## [DATA SECTION]
'''

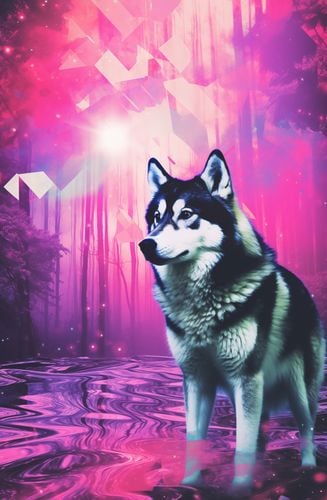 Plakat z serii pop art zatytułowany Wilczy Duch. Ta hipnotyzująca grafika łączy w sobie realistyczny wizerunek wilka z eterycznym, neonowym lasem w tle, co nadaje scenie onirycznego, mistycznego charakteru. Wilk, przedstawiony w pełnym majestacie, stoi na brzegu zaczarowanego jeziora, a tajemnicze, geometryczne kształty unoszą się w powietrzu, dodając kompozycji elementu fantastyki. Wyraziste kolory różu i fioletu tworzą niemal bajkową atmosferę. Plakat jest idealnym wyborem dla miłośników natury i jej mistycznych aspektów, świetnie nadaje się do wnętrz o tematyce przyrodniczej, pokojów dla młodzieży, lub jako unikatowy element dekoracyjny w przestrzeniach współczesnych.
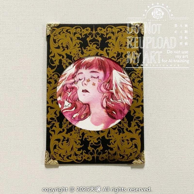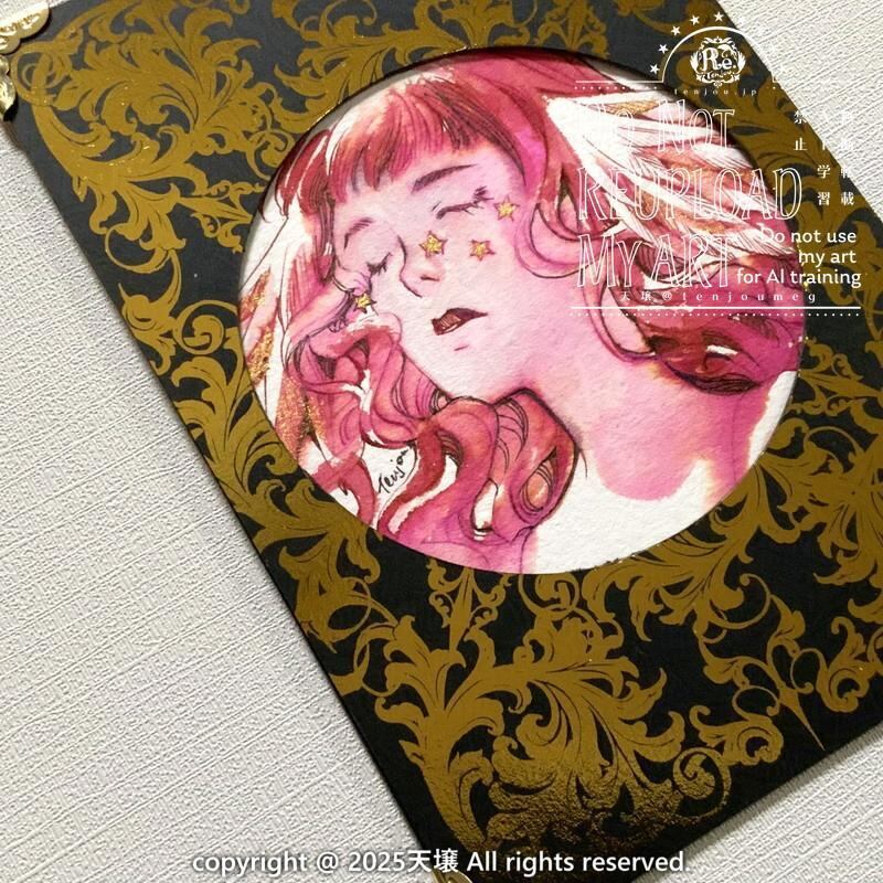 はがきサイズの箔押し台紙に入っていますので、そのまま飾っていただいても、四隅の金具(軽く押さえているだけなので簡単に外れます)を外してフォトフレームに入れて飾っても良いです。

'''
'''

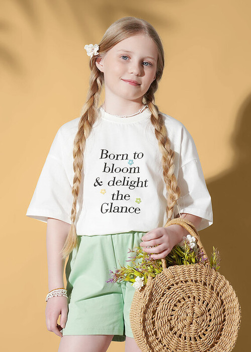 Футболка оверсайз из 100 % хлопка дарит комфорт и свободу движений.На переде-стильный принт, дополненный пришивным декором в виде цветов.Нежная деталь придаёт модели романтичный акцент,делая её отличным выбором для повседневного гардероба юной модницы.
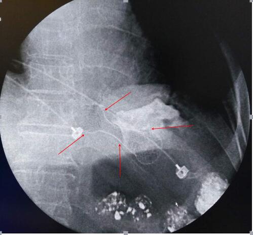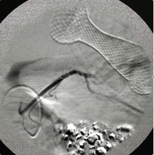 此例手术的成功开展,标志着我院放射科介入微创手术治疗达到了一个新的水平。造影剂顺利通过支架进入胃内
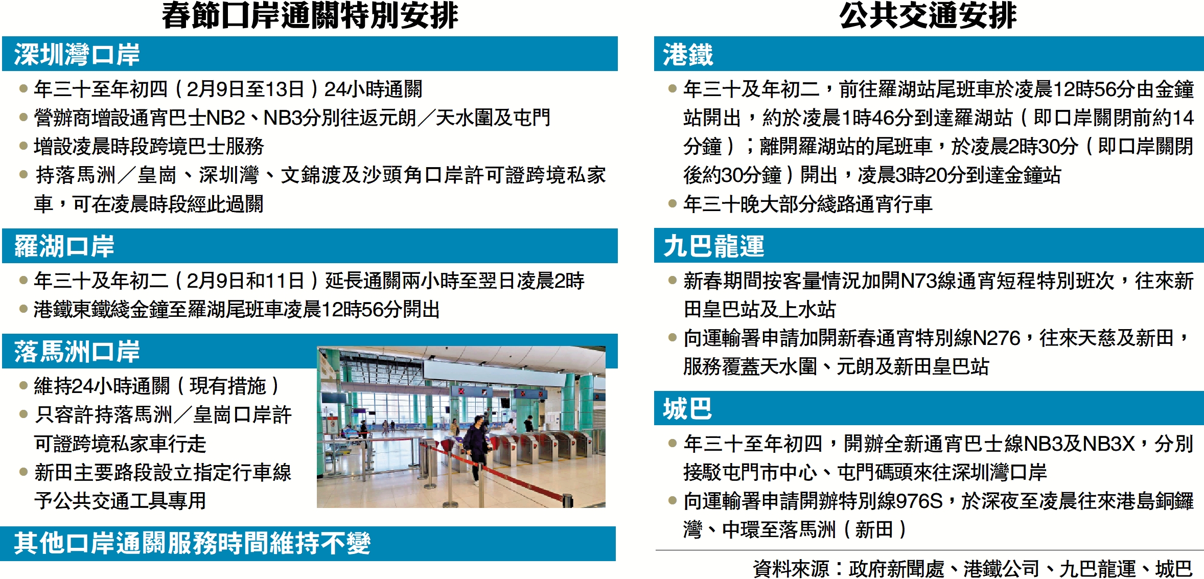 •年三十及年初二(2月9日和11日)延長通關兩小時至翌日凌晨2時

'''

## [TASK GOAL]
Reproduce exactly the lines of the data above that run from the line with "Plakat z serii" down to the line with "はがきサイズの箔押し台紙に入", both ends included. Pictures do not belong in the copy.

## [ANSWER TO THIS EXERCISE]
 Plakat z serii pop art zatytułowany Wilczy Duch. Ta hipnotyzująca grafika łączy w sobie realistyczny wizerunek wilka z eterycznym, neonowym lasem w tle, co nadaje scenie onirycznego, mistycznego charakteru. Wilk, przedstawiony w pełnym majestacie, stoi na brzegu zaczarowanego jeziora, a tajemnicze, geometryczne kształty unoszą się w powietrzu, dodając kompozycji elementu fantastyki. Wyraziste kolory różu i fioletu tworzą niemal bajkową atmosferę. Plakat jest idealnym wyborem dla miłośników natury i jej mistycznych aspektów, świetnie nadaje się do wnętrz o tematyce przyrodniczej, pokojów dla młodzieży, lub jako unikatowy element dekoracyjny w przestrzeniach współczesnych.
 はがきサイズの箔押し台紙に入っていますので、そのまま飾っていただいても、四隅の金具(軽く押さえているだけなので簡単に外れます)を外してフォトフレームに入れて飾っても良いです。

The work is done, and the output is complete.